▸ **Exercise**: Could you output, word for word, only the lines from the line with "Wallpaper Beautiful Alaskan" to the end of the entries, including both ends? Omit the pictures.
'''
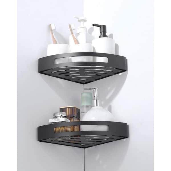 Wall Mounted Triangular Corner Shower Caddy in Matte Black (2-Pieces)
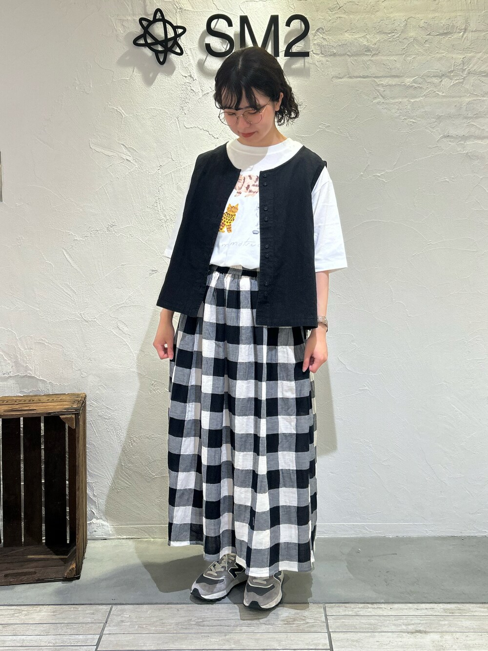 松尾ミユキさんコラボのTシャツと、 リネンベストでカジュアルガーリーコーデ。 Tシャツは裾にタックが入っており、1枚で着てもふわっと可愛いシルエットです♡
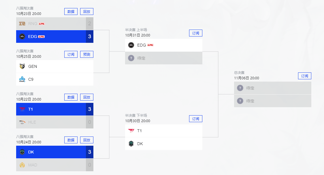 RNG 和 EDG 在昨晚的八进四比赛中内战,EDG 以 3:2 的比分战胜 RNG,成功晋级,EDG 将在接下来的半决赛中对阵到 GEN 和 C9 的胜者。
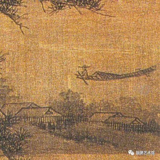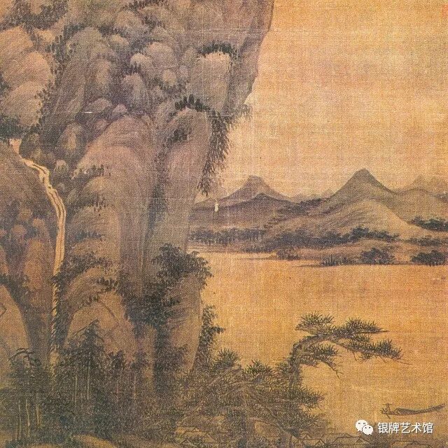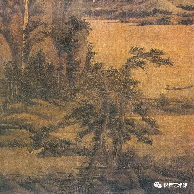 《秋江渔隐图》画高山平湖, 一叶轻舟随波荡漾。
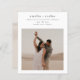 Una invitación de boda económica, moderna y minimalista con dos de tus fotos favoritas de compromiso. La parte delantera de esta tarjeta muestra sus nombres y fecha boda en tipografía clásica en blanco y negro. La primera foto aparece debajo. Las tarjetas se convierten en una segunda foto de tu elección, cubierta con un overlay blanco semitransparente para hacer que el texto de la invitación sea realmente pop! Los detalles del evento se escriben en una elegante combinación de letras elegantes de guión de moda y de serif. Hemos escogido dos fotos con un bonito esquema de colores desérticos, pero este diseño blanco y negro seguro que funciona con colores bodas. Si desea cambiar los nombres para mostrar un color boda, cambiar los tipos de letra, puntuación o ubicación utilizados para los elementos de texto en la parte delantera y trasera de este diseño, simplemente haga clic en "Personalizar" y "Editar usando la herramienta de diseño" para acceder a las opciones de edición avanzadas. También puedes borrar la foto al fondo de esta invitación si solo quieres mostrar una. Como parte de la selección presupuestaria de Zazzle, esta hoja no es un tamaño de invitación estándar ni una calidad de papel. Si quieres este diseño en una tarjeta de invitación, puedes encontrarlo en nuestra tienda o usar la Máquina Zazzle Make para transferirlo al producto de tu elección. Si necesitas una mano con algo o quieres trabajar conmigo en un pedido personalizado, ¡siéntete libre de enviarme un mensaje a través del botón de abajo! Asegúrese de contactarme antes de comprar ya que no puedo editar un pedido existente. Revisa nuestra tienda para otras opciones de papel y más diseños bodas!
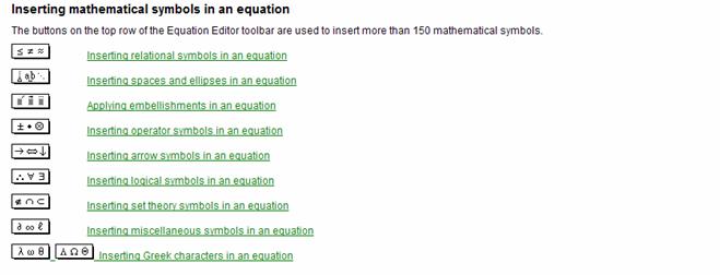 choose from more than 150 mathematical symbols. From the bottom row, you
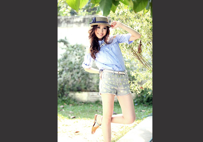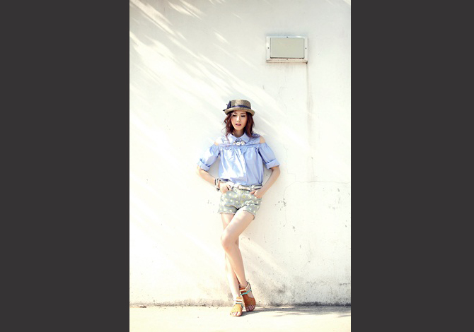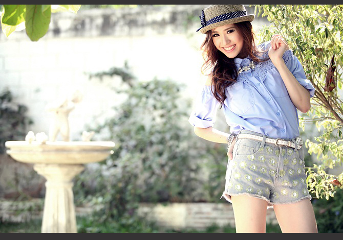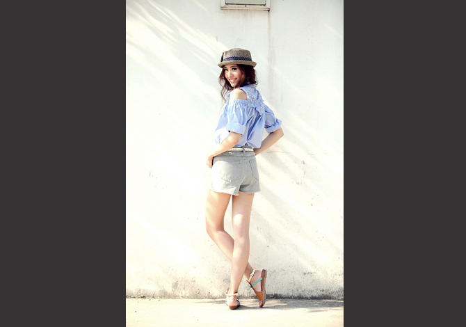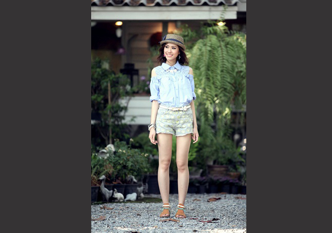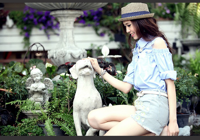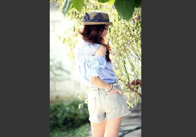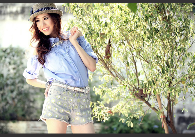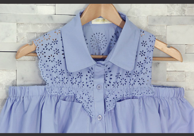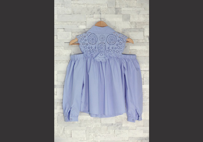 เสื้อเชิ๊ตเปิดไหล่ ดีเทลฉลุช่วงอกและหลังสวย งานเนี๊ยบ สีหวานน่ารักมากค่ะ
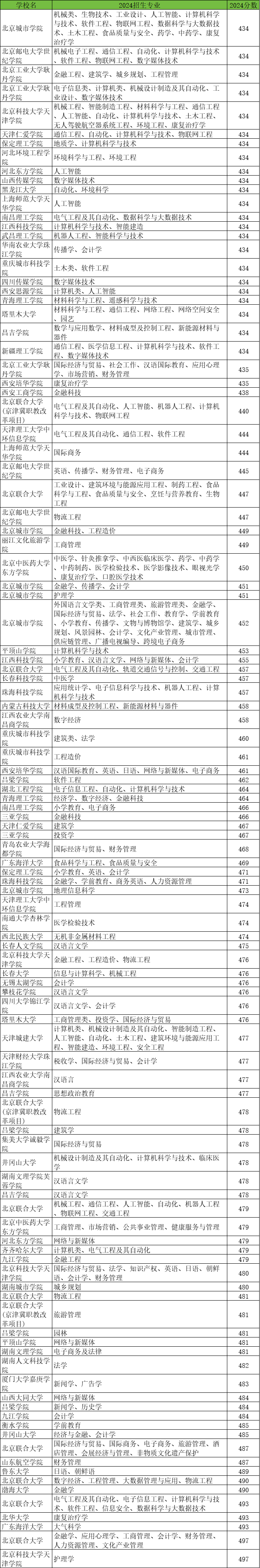 2024年综合类大学录取分数范围在434分~700分之间,其中最好考、收分最低的院校是北京城市学院(机械类、生物技术、工业设计、人工智能等)、北京邮电大学世纪学院(机械电子工程、通信工程、自动化)、北京工业大学耿丹学院(金融工程、建筑学、城乡规划、工程管理)等二十余所,学校最低分为434分。
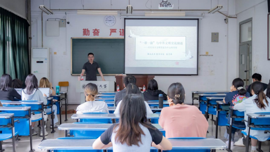 专题讲座环节,美国伊利诺州立大学的张宏霖教授主讲了《中美融合—脱钩的影响》,西北大学哲学学院的袁志伟教授主讲了《“一带一路”与中外文明交流融通——以长安古文明史迹为中心的考察》。
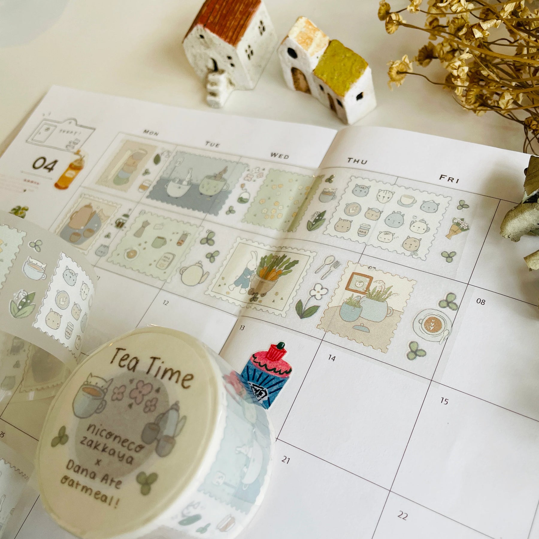 The Teatime PET tape is designed by Dana Ate Oatmeal, an immensely talented illustrator. Her journey in art began with crafting postcards for distant friends and family. Growing up with frequent relocations, Dana understands the joy that receiving snail mail from loved ones can bring. Her art, often featuring whimsical slice-of-life scenes and panel art, is a reflection of this sentiment. Dana’s work is a heartwarming blend of reality and fantasy.
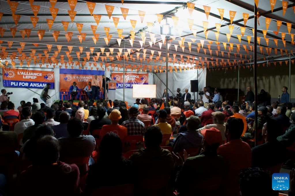 People gather for a rally ahead of the upcoming elections in Moka, Mauritius on Oct. 28, 2024. Mauritius will hold its National Assembly elections on Nov. 10. To ensure a smooth and orderly process, the police have announced a ban on alcohol sales from Nov. 9 to 11, covering the day before the elections, the polling day, as well as the day designated for the counting of votes. (Photo by Gonzalo Fanny/Xinhua)
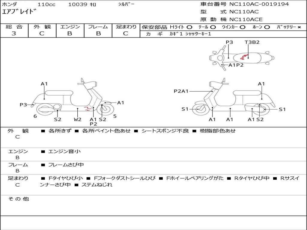 | Номер рамы / VIN | NC110AC-0019194 |
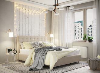 Обратная сторона изголовья выполнена в мебельной ткани и позволяет ставить кровать в центре комнаты для зонирования пространства.
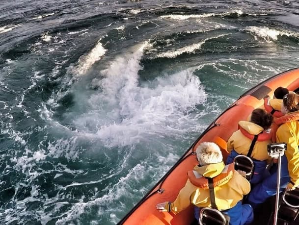 This tour is timed specifically for Spring tides when the whirlpool is most powerful and dramatic. It’s more adventurous, focused purely on the whirlpool experience rather than general wildlife watching.
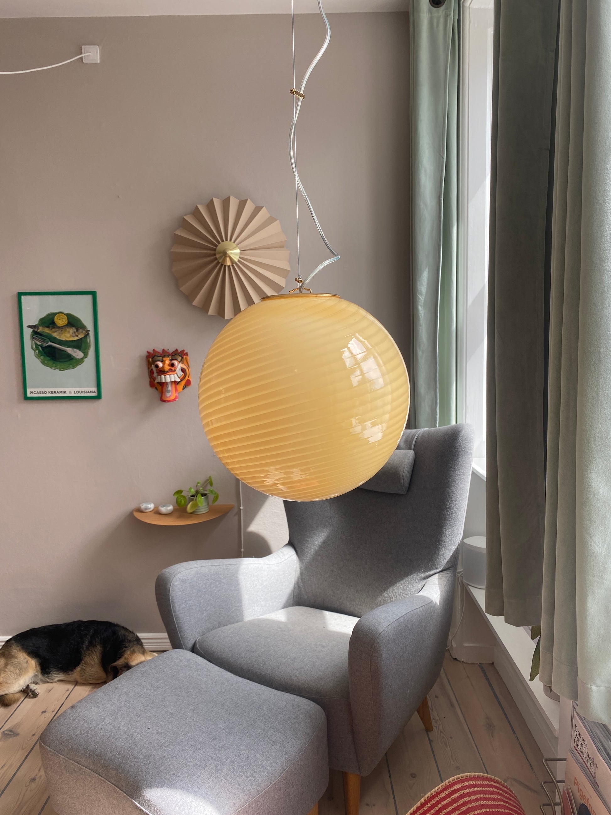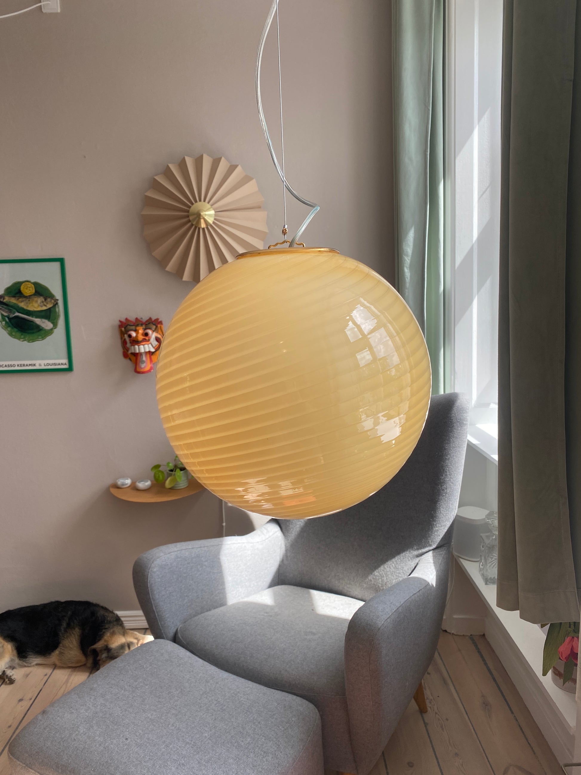 Lampen er håndlavet i 70'erne og der kan være unikke forskelle eller variationer i glasset.
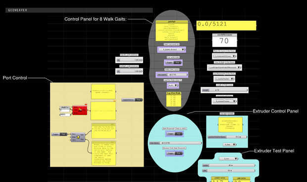 La parte más difícil del proyecto es cómo controlar Geoweaver al caminar y la impresión. Pasamos mucho tiempo en la investigación del movimiento, y hasta ahora Geoweaver puede caminar en línea recta, una línea curva, gira, danza, de e imprime al caminar. Este hexápodo ha sido diseñado para ser controlado por un Arduino Uno tomar comandos directamente de Firefly, un plug-in para el software de CAD 3D Rhinoceros. Firefly fue creada por nuestro profesor, Jason Kelly Johnson. Rhino es $995, sin embargo, usted puede descargar una versión de él
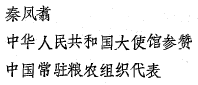 | Alternate | CHIN FENG-CHU Counsellor Embassy of the People's Republic of China Permanent Representative of China to FAO |
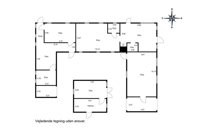 Stuehuset rummer ca. 155 m² bolig og fremstår indbydende med have orienteret mod syd, hvor solen kan nydes det meste af dagen. På førstesalen findes derudover to store disponible rum, som giver ekstra indretningsfrihed - oplagt til værelser, kontor eller hobby, men som ikke er registreret som boligareal på BBR.
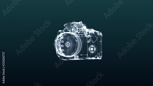 Photo camera being formed by particles - blue abstract futuristic science and technology background - Wall mural
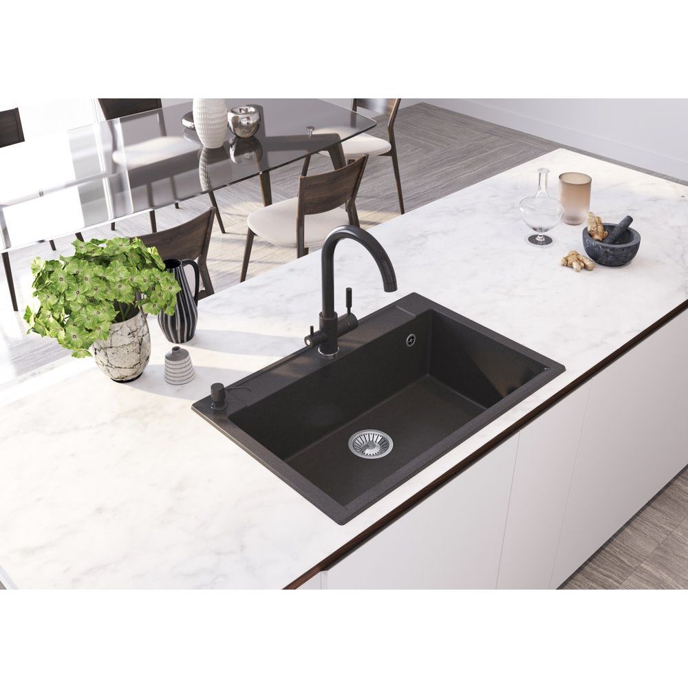 Кухонная мойка Domaci Савона РА 760 — это сочетание современного стиля и практичности, которые станут украшением вашей кухни. Стильная черная мойка из искусственного мрамора не только выглядит привлекательно, но и демонстрирует превосходную устойчивость к внешним воздействиям. Она специально разработана для встраивания выше уровня столешницы, что подчеркивает её современный дизайн и добавляет удобство в использовании.
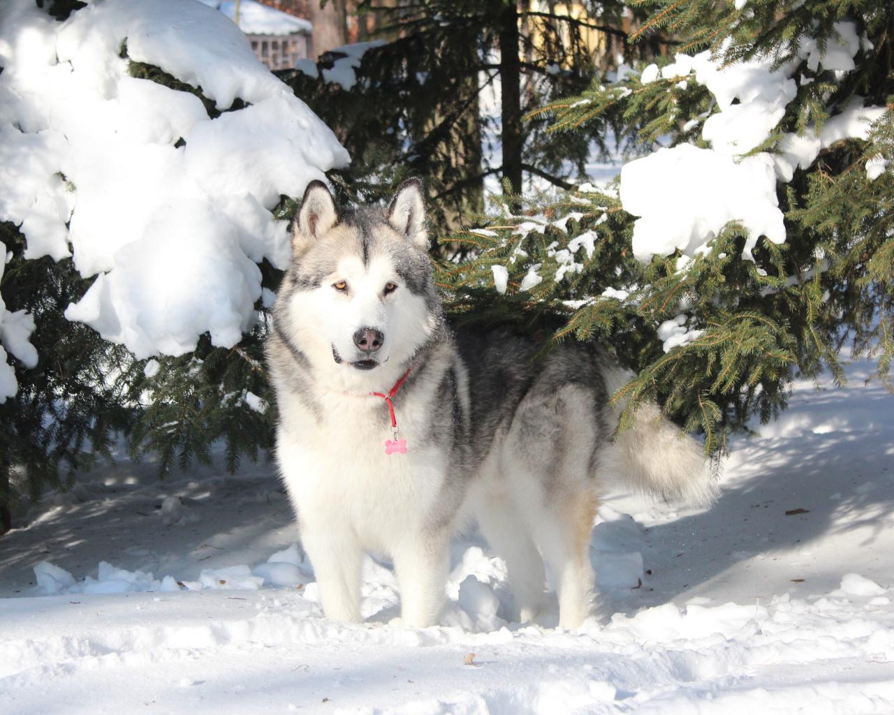 Wallpaper Beautiful Alaskan Malamute stands in the snow
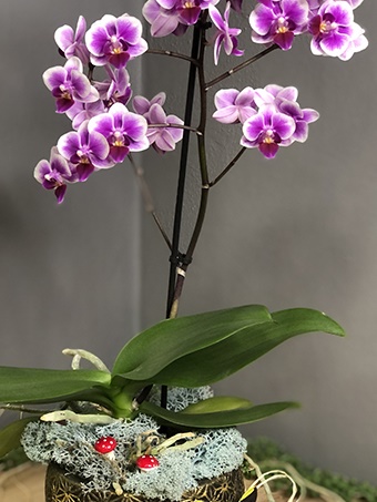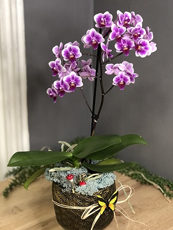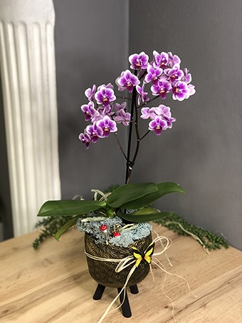 3 Ayaklı saksı içerisinde desenlerini ve şekillerini her sezon bulamayacağımız orta boylarda mor orkide kullanılmıştır. Çiçek bakımından oldukça zengin olan bu orkideden sınırlı sayıda ve belirli tarih aralığında bulunmaktadır. Dekoratif İsveç yosunları ve mantarlar kullanılarak hazırlanmıştır.
'''
▸ **Answer space**:
 Wallpaper Beautiful Alaskan Malamute stands in the snow
 3 Ayaklı saksı içerisinde desenlerini ve şekillerini her sezon bulamayacağımız orta boylarda mor orkide kullanılmıştır. Çiçek bakımından oldukça zengin olan bu orkideden sınırlı sayıda ve belirli tarih aralığında bulunmaktadır. Dekoratif İsveç yosunları ve mantarlar kullanılarak hazırlanmıştır.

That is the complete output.